*** INFORMATION SHOWN ***

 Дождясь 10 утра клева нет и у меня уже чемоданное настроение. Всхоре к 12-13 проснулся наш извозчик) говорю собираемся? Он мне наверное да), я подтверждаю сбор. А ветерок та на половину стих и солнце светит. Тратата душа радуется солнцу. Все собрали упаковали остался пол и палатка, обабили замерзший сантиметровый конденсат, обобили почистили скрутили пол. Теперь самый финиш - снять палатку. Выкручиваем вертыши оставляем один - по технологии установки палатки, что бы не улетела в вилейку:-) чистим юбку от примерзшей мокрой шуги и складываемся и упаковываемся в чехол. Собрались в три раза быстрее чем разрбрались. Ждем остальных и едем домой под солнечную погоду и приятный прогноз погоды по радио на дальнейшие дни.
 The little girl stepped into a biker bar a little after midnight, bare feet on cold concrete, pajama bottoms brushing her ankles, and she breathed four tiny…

*** End of INFORMATION SHOWN ***
*** INFORMATION SHOWN ***

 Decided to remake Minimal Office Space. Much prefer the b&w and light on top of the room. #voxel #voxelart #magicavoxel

*** End of INFORMATION SHOWN ***

EXERCISE PROMPT = Going back over the entries above, copy word for word every line from the one that has "Дождясь 10 утра" on through the one that has "The little girl".

RESPONSE BOX =
 Дождясь 10 утра клева нет и у меня уже чемоданное настроение. Всхоре к 12-13 проснулся наш извозчик) говорю собираемся? Он мне наверное да), я подтверждаю сбор. А ветерок та на половину стих и солнце светит. Тратата душа радуется солнцу. Все собрали упаковали остался пол и палатка, обабили замерзший сантиметровый конденсат, обобили почистили скрутили пол. Теперь самый финиш - снять палатку. Выкручиваем вертыши оставляем один - по технологии установки палатки, что бы не улетела в вилейку:-) чистим юбку от примерзшей мокрой шуги и складываемся и упаковываемся в чехол. Собрались в три раза быстрее чем разрбрались. Ждем остальных и едем домой под солнечную погоду и приятный прогноз погоды по радио на дальнейшие дни.
 The little girl stepped into a biker bar a little after midnight, bare feet on cold concrete, pajama bottoms brushing her ankles, and she breathed four tiny…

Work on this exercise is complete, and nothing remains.